Task item -
Starting at the line that contains "omC 910 en omC", reproduce only the lines through the end of the data, exactly, including both the first and the last; skip the pictures.

Information supplied -
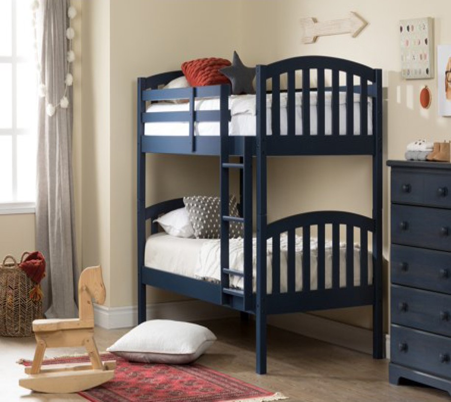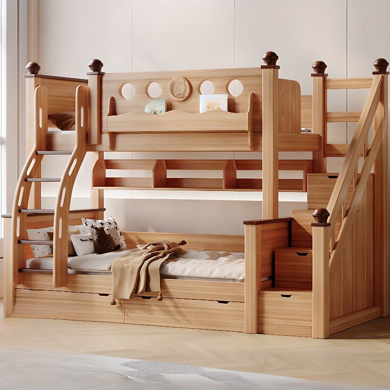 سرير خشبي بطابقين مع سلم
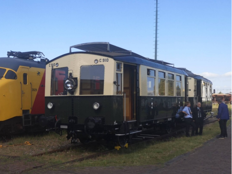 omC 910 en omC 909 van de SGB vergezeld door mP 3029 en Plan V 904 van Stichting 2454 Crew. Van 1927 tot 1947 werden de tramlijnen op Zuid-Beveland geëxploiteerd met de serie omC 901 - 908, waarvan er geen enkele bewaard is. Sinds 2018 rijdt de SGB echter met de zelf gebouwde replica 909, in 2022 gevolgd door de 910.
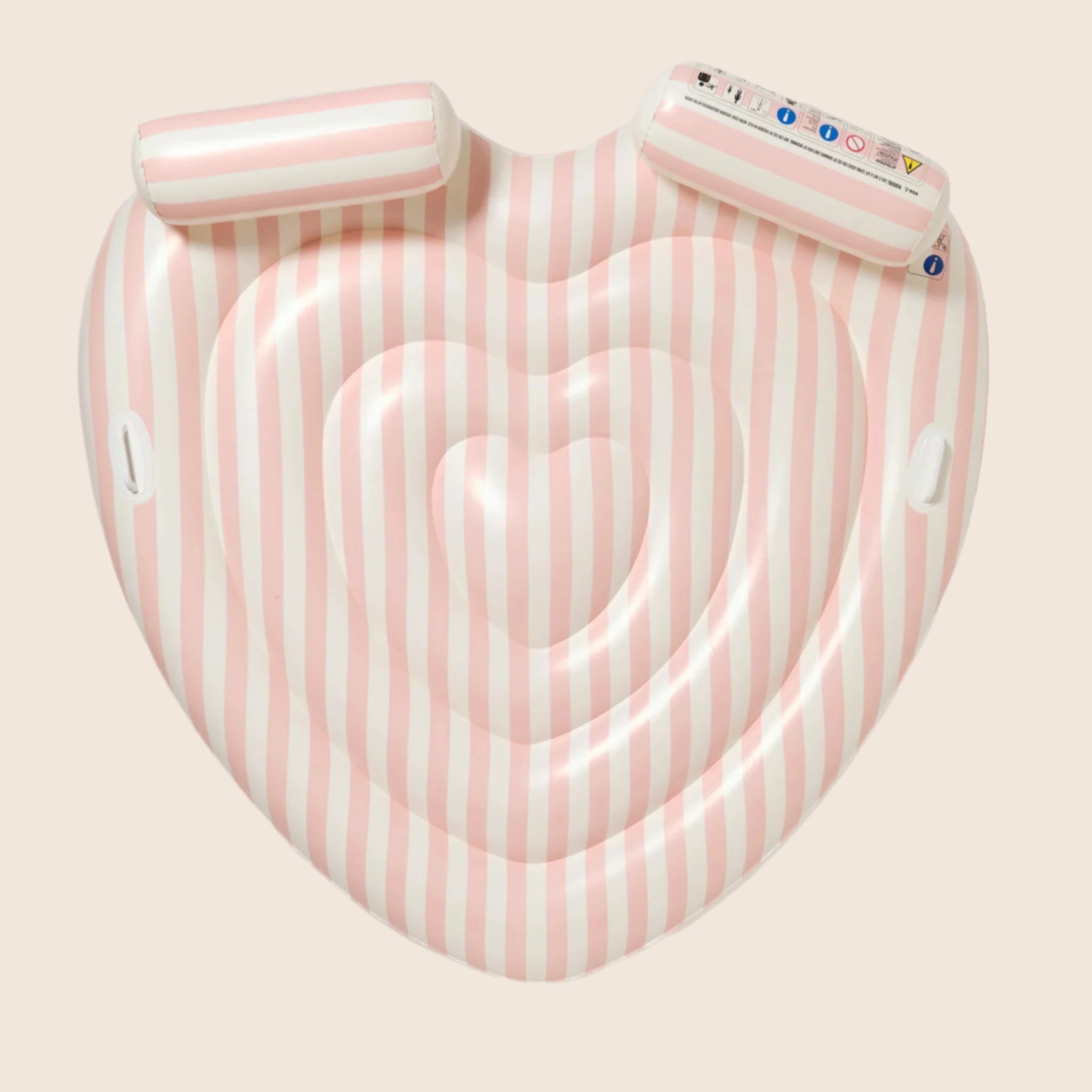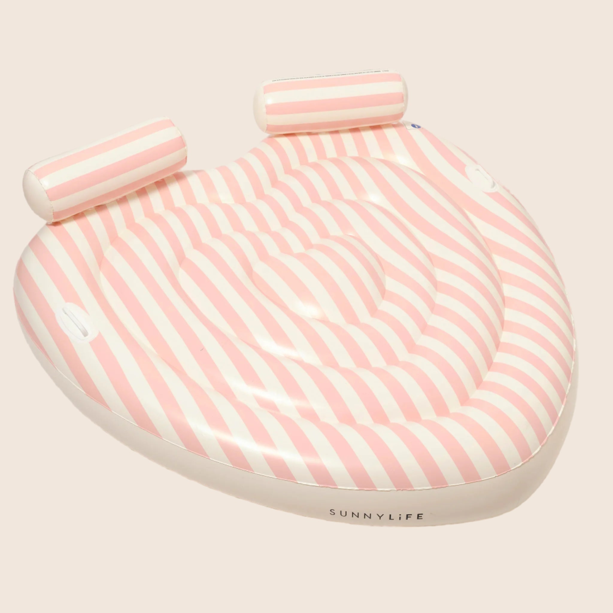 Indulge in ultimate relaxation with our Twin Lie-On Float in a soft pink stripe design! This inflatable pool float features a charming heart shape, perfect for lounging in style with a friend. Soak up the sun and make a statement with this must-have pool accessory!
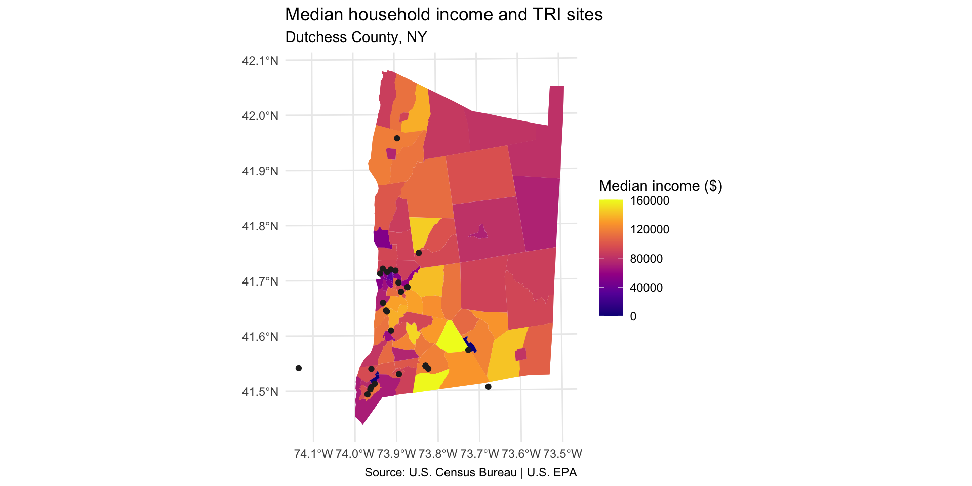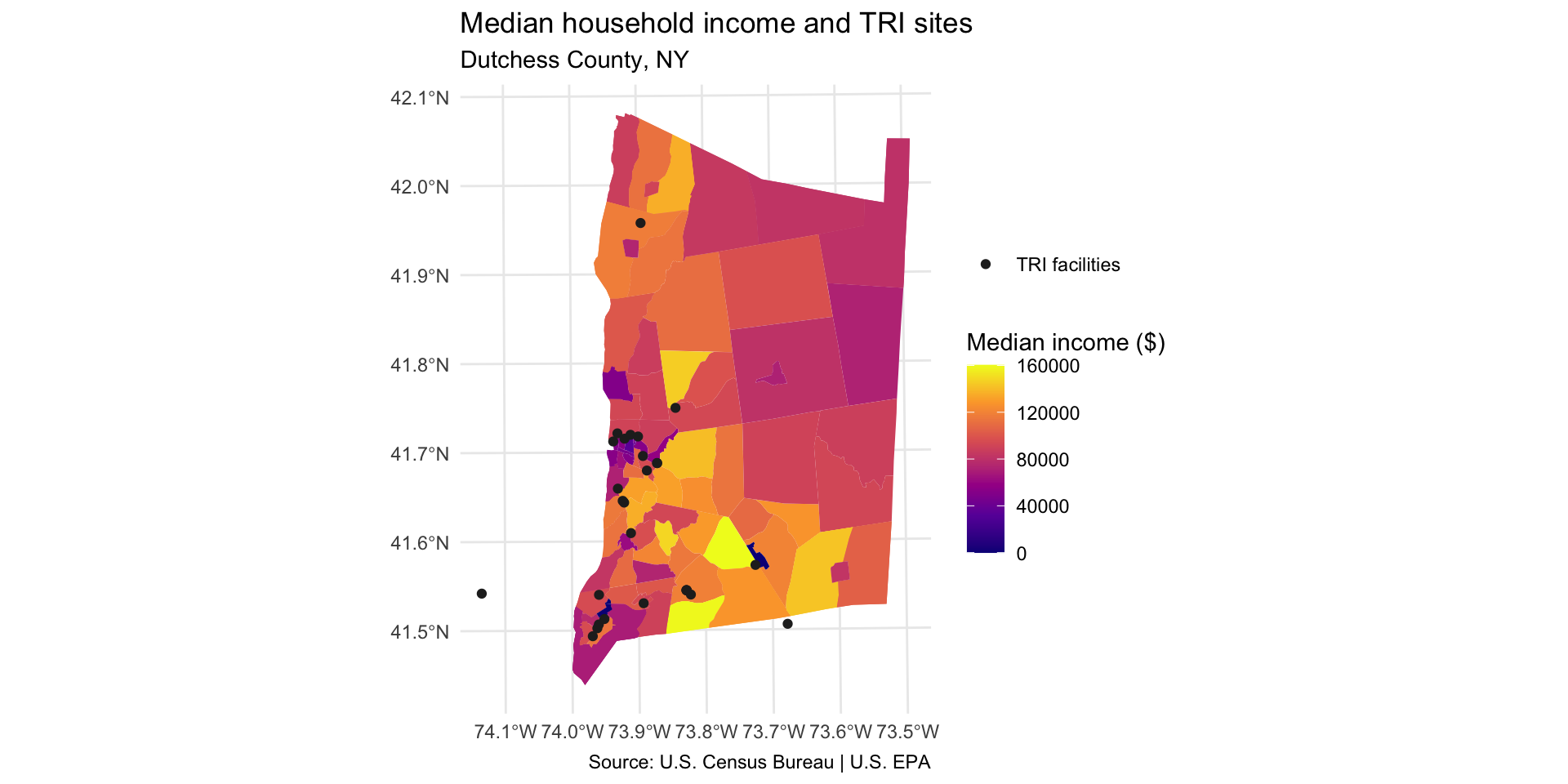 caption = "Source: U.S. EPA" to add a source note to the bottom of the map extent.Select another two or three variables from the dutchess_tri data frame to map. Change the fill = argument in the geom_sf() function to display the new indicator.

Answer space -
 omC 910 en omC 909 van de SGB vergezeld door mP 3029 en Plan V 904 van Stichting 2454 Crew. Van 1927 tot 1947 werden de tramlijnen op Zuid-Beveland geëxploiteerd met de serie omC 901 - 908, waarvan er geen enkele bewaard is. Sinds 2018 rijdt de SGB echter met de zelf gebouwde replica 909, in 2022 gevolgd door de 910.
 Indulge in ultimate relaxation with our Twin Lie-On Float in a soft pink stripe design! This inflatable pool float features a charming heart shape, perfect for lounging in style with a friend. Soak up the sun and make a statement with this must-have pool accessory!
 caption = "Source: U.S. EPA" to add a source note to the bottom of the map extent.Select another two or three variables from the dutchess_tri data frame to map. Change the fill = argument in the geom_sf() function to display the new indicator.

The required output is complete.